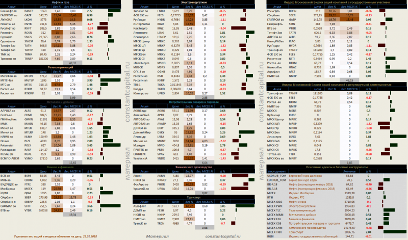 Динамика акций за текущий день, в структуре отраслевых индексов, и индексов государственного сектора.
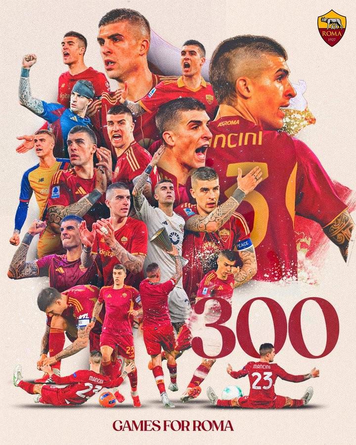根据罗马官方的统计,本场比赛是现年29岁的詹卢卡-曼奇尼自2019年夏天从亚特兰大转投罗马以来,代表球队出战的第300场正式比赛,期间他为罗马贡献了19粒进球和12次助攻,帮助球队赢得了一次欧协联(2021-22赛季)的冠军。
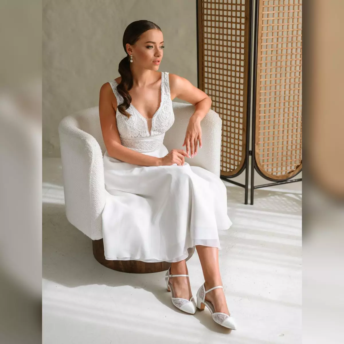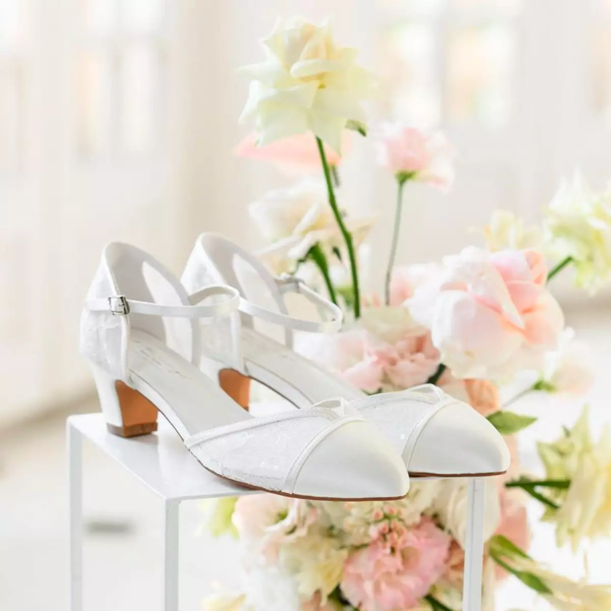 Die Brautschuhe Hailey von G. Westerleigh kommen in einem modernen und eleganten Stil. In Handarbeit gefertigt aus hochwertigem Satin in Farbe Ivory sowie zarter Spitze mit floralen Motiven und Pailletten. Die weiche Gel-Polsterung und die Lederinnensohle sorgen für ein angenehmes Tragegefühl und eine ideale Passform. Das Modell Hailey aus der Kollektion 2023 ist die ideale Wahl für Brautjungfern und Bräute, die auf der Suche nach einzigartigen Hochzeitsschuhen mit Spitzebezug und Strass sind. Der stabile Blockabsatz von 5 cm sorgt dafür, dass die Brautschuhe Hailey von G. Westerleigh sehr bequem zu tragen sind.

PROBLEM TO SOLVE: Return the full listing above exactly as written, and omit the pictures.

RESPONSE BOX:
 Динамика акций за текущий день, в структуре отраслевых индексов, и индексов государственного сектора.
根据罗马官方的统计,本场比赛是现年29岁的詹卢卡-曼奇尼自2019年夏天从亚特兰大转投罗马以来,代表球队出战的第300场正式比赛,期间他为罗马贡献了19粒进球和12次助攻,帮助球队赢得了一次欧协联(2021-22赛季)的冠军。
 Die Brautschuhe Hailey von G. Westerleigh kommen in einem modernen und eleganten Stil. In Handarbeit gefertigt aus hochwertigem Satin in Farbe Ivory sowie zarter Spitze mit floralen Motiven und Pailletten. Die weiche Gel-Polsterung und die Lederinnensohle sorgen für ein angenehmes Tragegefühl und eine ideale Passform. Das Modell Hailey aus der Kollektion 2023 ist die ideale Wahl für Brautjungfern und Bräute, die auf der Suche nach einzigartigen Hochzeitsschuhen mit Spitzebezug und Strass sind. Der stabile Blockabsatz von 5 cm sorgt dafür, dass die Brautschuhe Hailey von G. Westerleigh sehr bequem zu tragen sind.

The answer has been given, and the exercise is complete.